GIVEN MATERIAL Block Start

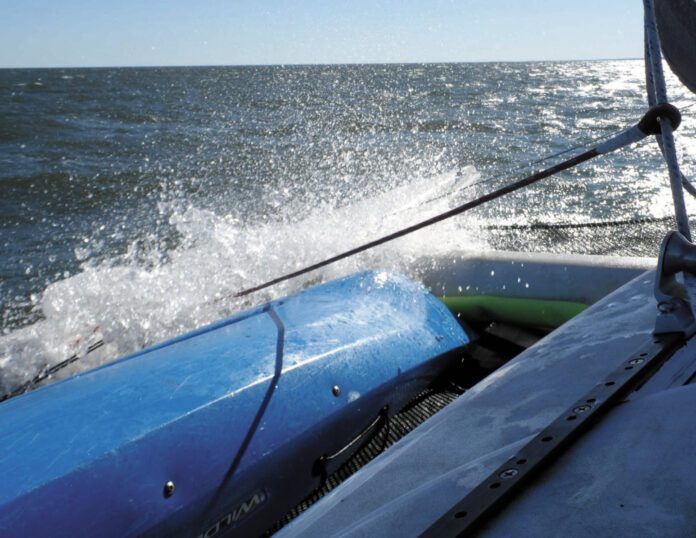 If you decide to add more lashing points, you have a couple of options. Most people just drill holes for new hardware, filling core as needed. If you are adding aluminum track for a tramp with a boltrope, you could try to bond it to the hull, but it will likely fail because aluminum and fiberglass have different expansion properties, which will add stress to the bond. If you don’t want to drill holes in your hull, you can bond a strip of solid ¼-inch prelaminated fiberglass and drill that.
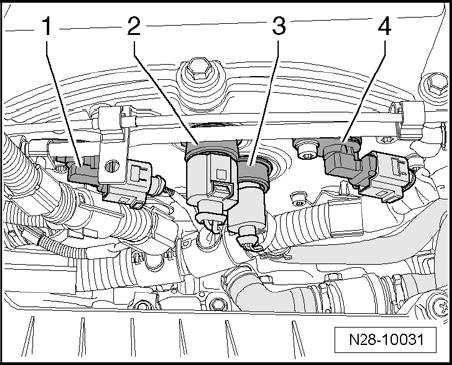 The camshaft adjustment is load- and RPM dependent. The electrical camshaft adjustment valves -1- switch oil pressure onto camshaft adjusters (mechanical adjustment mechanisms), which then adjust the camshafts.
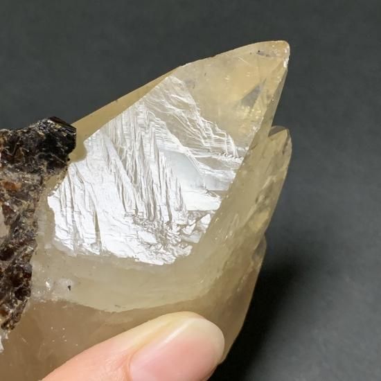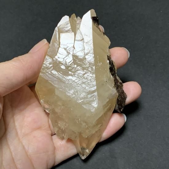 「ステラビームカルサイト」と呼ぶ時、それは通常このような尖った先端をした透明度の高いシトリンのような色のものを指します。
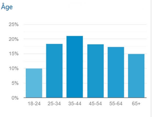 La tranche d’âge 35-44 ans est la plus importante, avec 21.10 % des lecteurs ; suivie par les 25-34 ans, 18.42 % ; puis les 45-54 ans, 18.26 % ; les 55-64 ans, 17.32 % ; les plus de 65 ans, 14.91 % et enfin les plus jeunes, 18-24ans, 10.00 %.

GIVEN MATERIAL Block End

ACTIVITY =
Return exactly the lines that begin with the one containing "The camshaft adjustment" and end with the final line of the data above; include no pictures.

ANSWER SPACE =
 The camshaft adjustment is load- and RPM dependent. The electrical camshaft adjustment valves -1- switch oil pressure onto camshaft adjusters (mechanical adjustment mechanisms), which then adjust the camshafts.
 「ステラビームカルサイト」と呼ぶ時、それは通常このような尖った先端をした透明度の高いシトリンのような色のものを指します。
 La tranche d’âge 35-44 ans est la plus importante, avec 21.10 % des lecteurs ; suivie par les 25-34 ans, 18.42 % ; puis les 45-54 ans, 18.26 % ; les 55-64 ans, 17.32 % ; les plus de 65 ans, 14.91 % et enfin les plus jeunes, 18-24ans, 10.00 %.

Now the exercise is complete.